Democratizing AI ethics literacy

Research summary: Learning to Diversify from Human Judgments – Research Directions and Open Challenges

May 14, 2020

Mini summary (scroll down for full summary):

Current algorithmic techniques frame the notion of diversity in the sense of using the presence of sensitive attributes in the result set as a measurement for whether there is sufficient representation. Yet, such an approach often ends up stripping these sensitive attributes, often gender and race from their deep social, culture and context specific meanings and bucket them into discrete categories that are rigid, uni-dimensional, and determined algorithmically in the process of clustering. 

The paper (by Denton et al.) presents a research direction using the concept of determinantal point process (DPP) as a mechanism for capturing diversity in a more subjective and individualized manner by taking in the feelings of the individuals on whether they think they are well represented in the result set or not. It tends to cluster together the things that the individual feels represents them well and further away from others that don’t in an embedding space. Relying on individual’s perceptions to tailor these representations moves applications a step forward in a direction where representation is adequately captured. The authors do identify challenges associated with this approach namely the reliable sourcing of this information in a large-scale manner, especially as it relates to the limitations of how crowdsourcing platforms are structured today but still gives the research community some food for thought in how to capture diversity better.


Full summary:

Ranking and retrieval systems for presenting content to consumers are geared towards enhancing user satisfaction, as defined by the platform companies which usually entails some form of profit-maximization motive, but they end up reflecting and reinforcing societal biases, disproportionately harming the already marginalized. 
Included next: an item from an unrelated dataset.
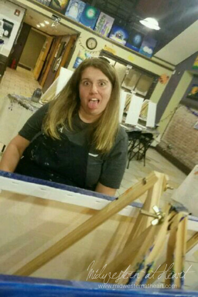 Ultimately I blame Jillian for this want I have to paint. She’s always blogging about how she and her friends attend paint nights and she always does a fantastic job too, I might add. I thought it sounded like a blast. Then a friend of mine hit me up about a big group of us attending a paint night one night to try. Well that was a year ago and we still hadn’t looked in to it. Finally another friend brought up something… maybe posted on her facebook page something about one of those paint night places around here and I hit her up about it.

In fairness techniques applied today, the outcomes are focused on the distributions in the result set and the categorical structures and the process of associating values with the categories is usually de-centered. Instead, the authors advocate for a framework that does away with rigid, discrete, and ascribed categories and looks at subjective ones derived from a large pool of diverse individuals. Focusing on visual media, this work aims to bust open the problem of underrepresentation of various groups in this set that can render harm on to the groups by deepening social inequities and oppressive world views. Given that a lot of the content that people interact with online is governed by automated algorithmic systems, they end up influencing significantly the cultural identities of people. 

While there are some efforts to apply the notion of diversity to ranking and retrieval systems, they usually look at it from an algorithmic perspective and strip it of the deep cultural and contextual social meanings, instead choosing to reference arbitrary heterogeneity. Demographic parity and equalized odds are some examples of this approach that apply the notion of social choice to score the diversity of data. Yet, increasing the diversity, say along gender lines, falls into the challenge of getting the question of representation right, especially trying to reduce gender and race into discrete categories that are one-dimensional, third-party and algorithmically ascribed. 
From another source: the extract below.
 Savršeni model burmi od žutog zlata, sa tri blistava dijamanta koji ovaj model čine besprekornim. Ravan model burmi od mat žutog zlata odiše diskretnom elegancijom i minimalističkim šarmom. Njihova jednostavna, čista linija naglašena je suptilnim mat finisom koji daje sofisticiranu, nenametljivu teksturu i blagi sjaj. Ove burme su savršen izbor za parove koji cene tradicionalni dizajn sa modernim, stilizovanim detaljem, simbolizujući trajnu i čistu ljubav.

The authors instead propose sourcing this information from the individuals themselves such that they have the flexibility to determine if they feel sufficiently represented in the result set. This is contrasted with the degree of sensitive attributes that are present in the result sets which is what prior approaches have focused on. From an algorithmic perspective, the authors advocate for the use of a technique called determinantal point process (DPP) that assigns a higher probability score to sets that have higher spreads based on a predefined distance metric. 
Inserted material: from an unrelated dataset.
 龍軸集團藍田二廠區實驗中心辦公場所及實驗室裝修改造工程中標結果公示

How DPP works is that for items that the individual feels represents them well, the algorithm clusters those points closer together, for points that they feel don’t represent them well, it moves those away from the ones that represent them well in the embedding space. Optimizing for the triplet loss helps to achieve the goals of doing this separation. 

But, the proposed framework still leaves open the question of sourcing in a reliable manner these ratings from the individuals about what represents and doesn’t represent them well and then encoding them in a manner that is amenable to being learned by an algorithmic system. 

While large-scale crowdsourcing platforms which are the norm in seeking such ratings in the machine learning world, given that their current structuring precludes raters’ identities and perceptions from consideration, this framing becomes particularly challenging in terms of being able to specify the rater pool. Nonetheless, the presented framework provides an interesting research direction such that we can obtain more representation and inclusion in the algorithmic systems that we build.


Original piece by Denton et al.: https://drive.google.com/file/d/1lPynepBWoldRH6TS_a2UgOLu3y_QBDWs/view

Want quick summaries of the latest research & reporting in AI ethics delivered to your inbox? Subscribe to the AI Ethics Brief. We publish bi-weekly.

Primary Sidebar

🔍 SEARCH

Spotlight

AI Policy Corner: Singapore’s National AI Strategy 2.0

AI Governance in a Competitive World: Balancing Innovation, Regulation and Ethics | Point Zero Forum 2025

AI Policy Corner: Frontier AI Safety Commitments, AI Seoul Summit 2024

AI Policy Corner: The Colorado State Deepfakes Act

Special Edition: Honouring the Legacy of Abhishek Gupta (1992–2024)

related posts

  • Humans are not Boltzmann Distributions: Challenges and Opportunities for Modelling Human Feedback an...

    Humans are not Boltzmann Distributions: Challenges and Opportunities for Modelling Human Feedback an...

  • Mapping AI Arguments in Journalism and Communication Studies

    Mapping AI Arguments in Journalism and Communication Studies

  • Who will share Fake-News on Twitter? Psycholinguistic cues in online post histories discriminate bet...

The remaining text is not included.